Wednesday, December 12, 2012

Temporary Texas Reprieve in the Tar Sands Pipeline

A Texas landowner in Nacogdoches County secured a temporary restraining order on Tuesday against the southern leg of the Keystone XL pipeline by arguing that tar sands is not actually a type of oil.

Judge Jack Sinz granted the order without first notifying TransCanada, the company behind the ambitious pipeline that aims to transport Canadian tar sands to the Texas gulf coast for further refinement. In his ruling, Judge Sinz noted that the order was granted immediately because construction had already begun on the plaintiff’s property and any delay could potentially result in further damages. A hearing on the matter is set for Wednesday, December 19.

[...]

Tar sands is more commonly known as a synthetic crude because it is heavier and less [viscous] than traditional light, sweet crude. It has to be heated with a proprietary chemical solvent in order to flow through pipes like light crude, and carries with it additional grit that tends to corrode pipe casing faster than other types of oil. That solvent and the heavier tar can begin to seep into water tables almost immediately upon spillage, taking an unknown toll on the environment thanks to how secretive companies are with the actual makeup of their unique chemical mixtures.

[...]

A spill of tar sands oil on the Yellowstone River in 2011 caused the state of Montana to cite Exxon for failure to disclose that it was tar sands and caustic chemicals running through the pipes, instead of traditional crude. Public Citizen Texas’ Wilson added that activists in Texas have had similar difficulties forcing TransCanada to disclose what toxic materials they plan on using.

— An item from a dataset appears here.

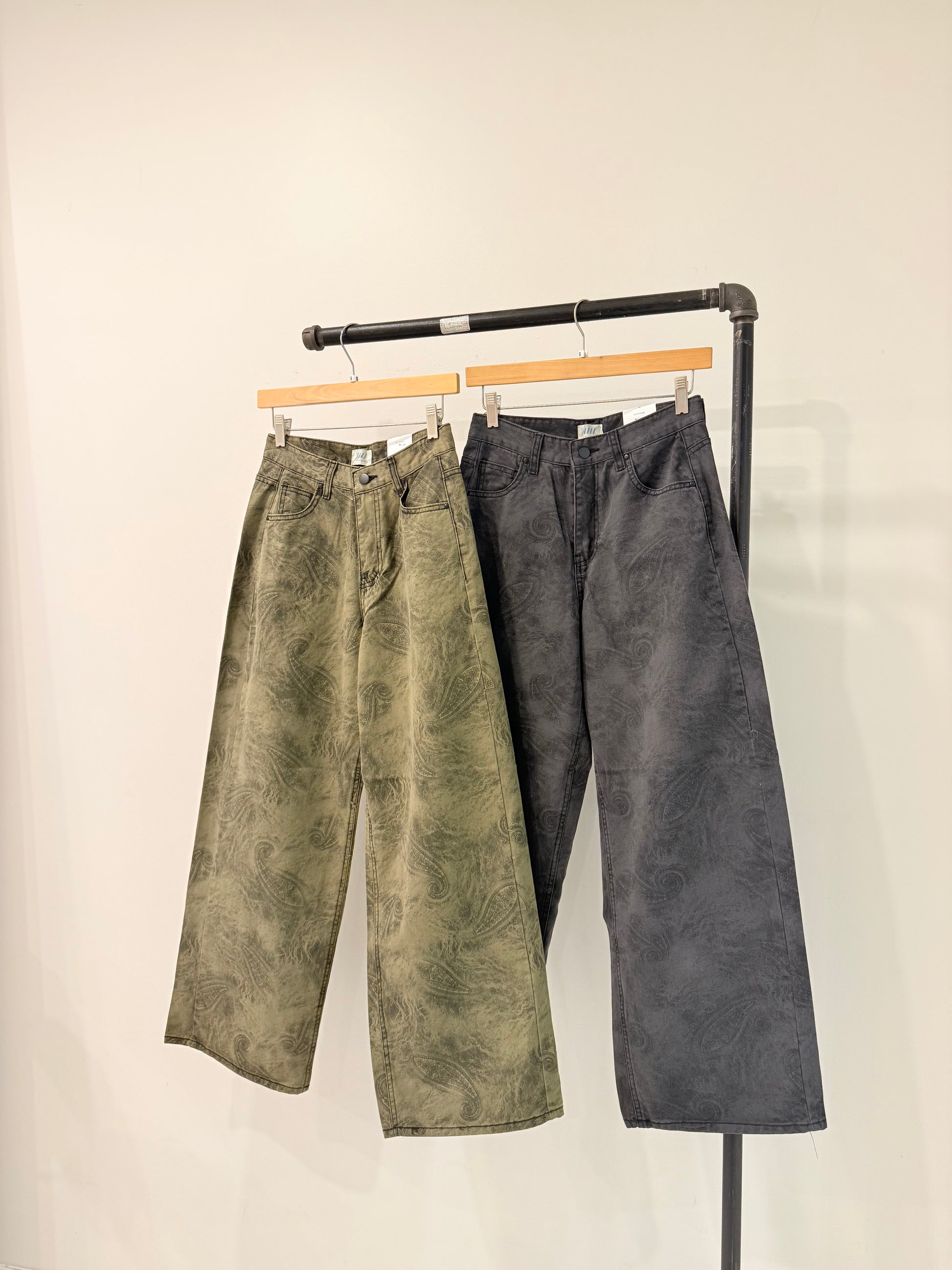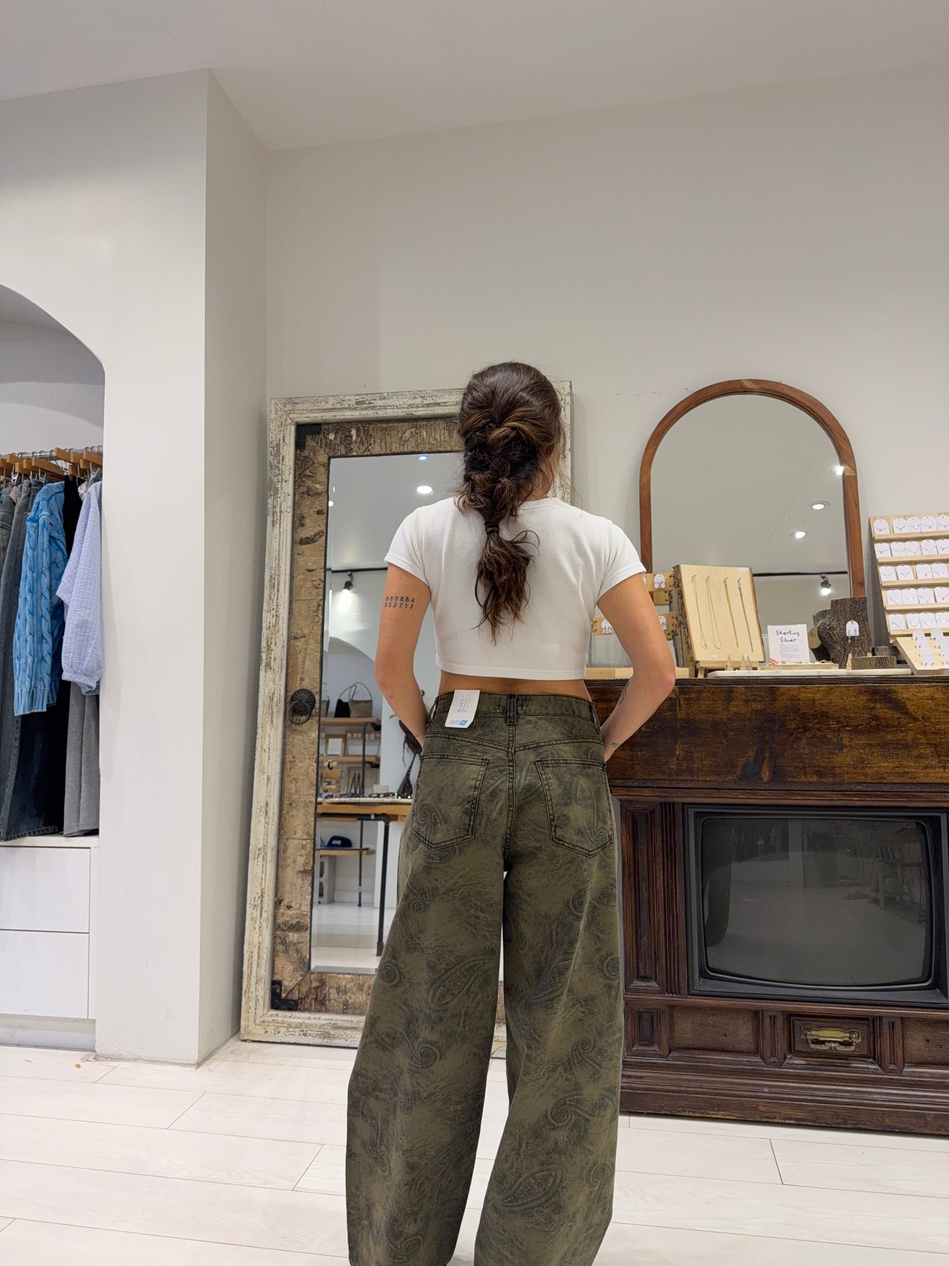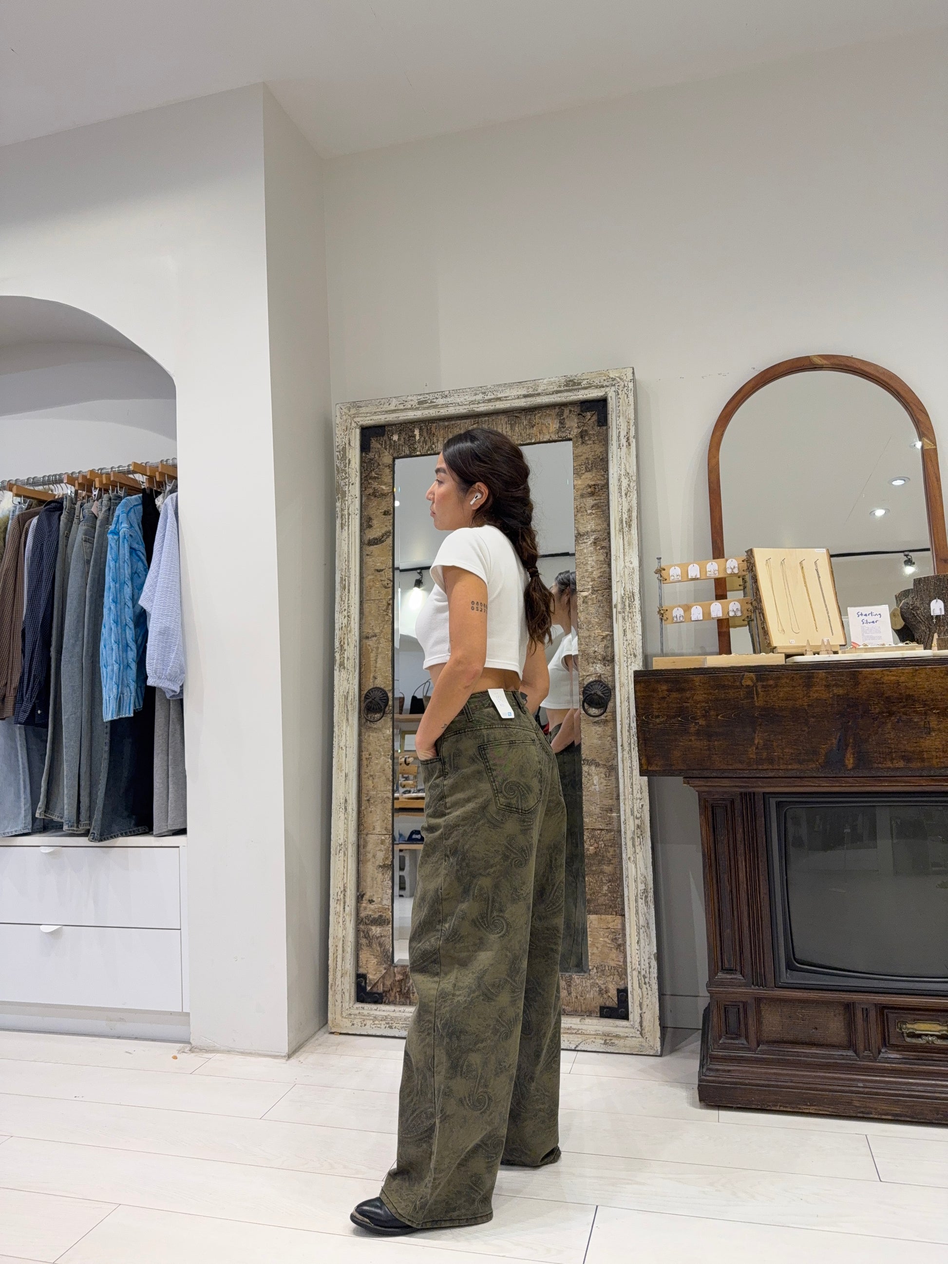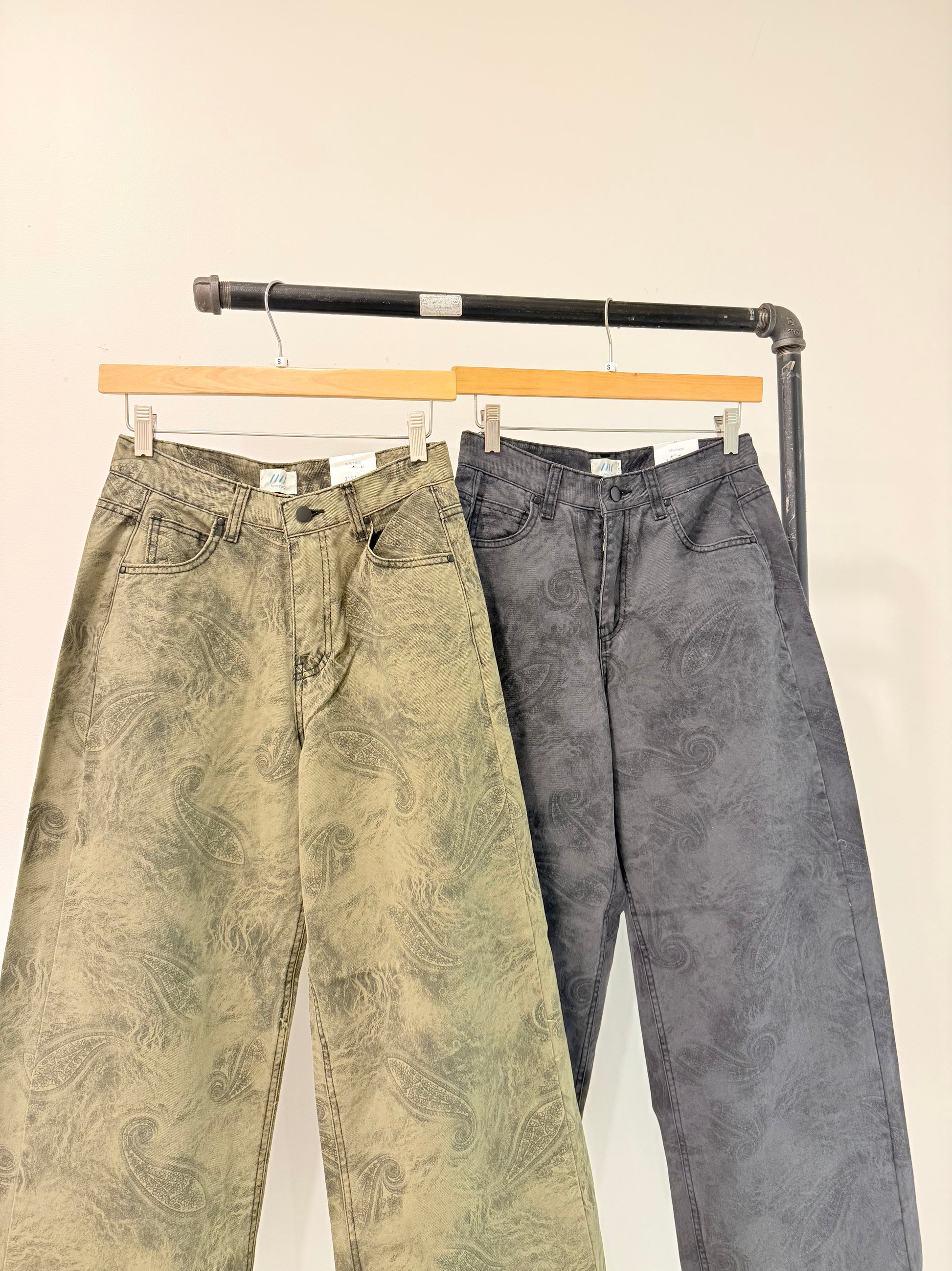 Prints to add the full fall feeling? Say less. Our Paisley-print jeans comes with a diagonal seam detail and a faded, rugged finish that gives them a worn-in charm. Designed in a gorgeous earthy green wash, they feature a mid-rise waist and a relaxed, baggy fit for that effortless vintage-inspired edge.

“[The Railroad Commission] just rubber stamped the operator’s permit for the pipeline, but state code mandates they have prove this is indeed crude oil,” she said. “[This lawsuit] intends to prove they have not done their due diligence.”

[...]

Bishop, a retired chemist, insisted that crude oil, by state and federal definitions, is fundamentally different than bitumen, which produces tar sands. “You have to physically mine it; it is a solid material,” he explained. “If it looks like crap, if it smells like crap, the chances are pretty good that it’s crap.”

  Raw Story

...but hey, do what you want...you will anyway.